The third is that in order to improve the reinforcement effect, the reinforcement process should be changed from the current reinforcement after development to the reinforcement in development as far as possible. There are some good attempts to harden the SDK for this. Use a secure library interface for sensitive operations directly during development. This no matter be in performance go up or the effect can be opposite now integral one size fits all type consolidate to do a qualitative rise. Familiar with the business developer will be very clear that part which is the code needed to protect them, because the logic of a program that really needs to be protected, in fact may only be a fraction, narrowing of the reinforcement range can greatly improve the performance, at the same time, a separate security library files can be targeted protection measures, the effect will be very good, It is also easier to do compatibility testing than the whole APP reinforcement.
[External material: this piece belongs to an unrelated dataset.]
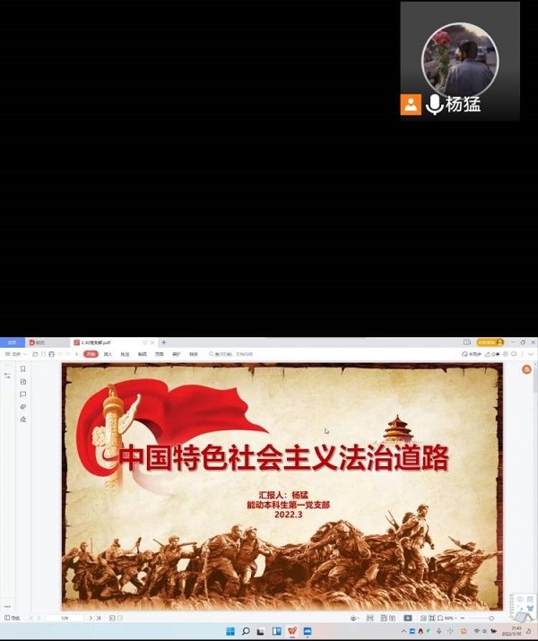 为坚定理想信念,提高党员的政治素质和思想水平,3月30日,我院能动本科生第一党支部开展线上组织生活,本次会议的主题是学习中国特色社会主义法治道路。会议由党支部书记曾伟主持,以线上腾讯会议的形式进行,支部全体党员参与。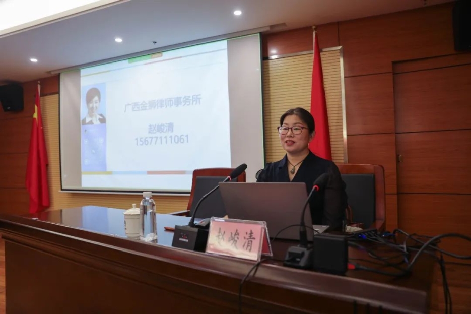 會議還邀請了廣西金獅律師事務所優秀律師趙峻清開展法制誠信主題教育講座。趙峻清律師結合案例與《合同法》《民法典》中的法律條款,深入淺出地講授了大數據背景下企業如何防范經營風險的有關知識。

Another idea of reinforcement is to use Native code as much as possible, especially the key program logic. The reverse of Native code itself is more difficult than Java, and even more difficult after adding confusion or shell. At the same time, Native code can actually improve the performance, which is a solution of two birds with one stone. Thus, the problem of how to do deep protection for native codes in Android applications can be extended. If sensitive operations are protected by deep confusion protection native codes, the attack cost will be greatly increased.
In the end I think is a trend of strengthening protection as little as possible to use small was catnip to do protection, such as those using static analysis tools of bugs or analytical APK system BUG to do reinforcement in fact meaning is not very big, reinforcing protection should be consider from the whole computer system architecture and reinforcement, and should not focus on a few small skills.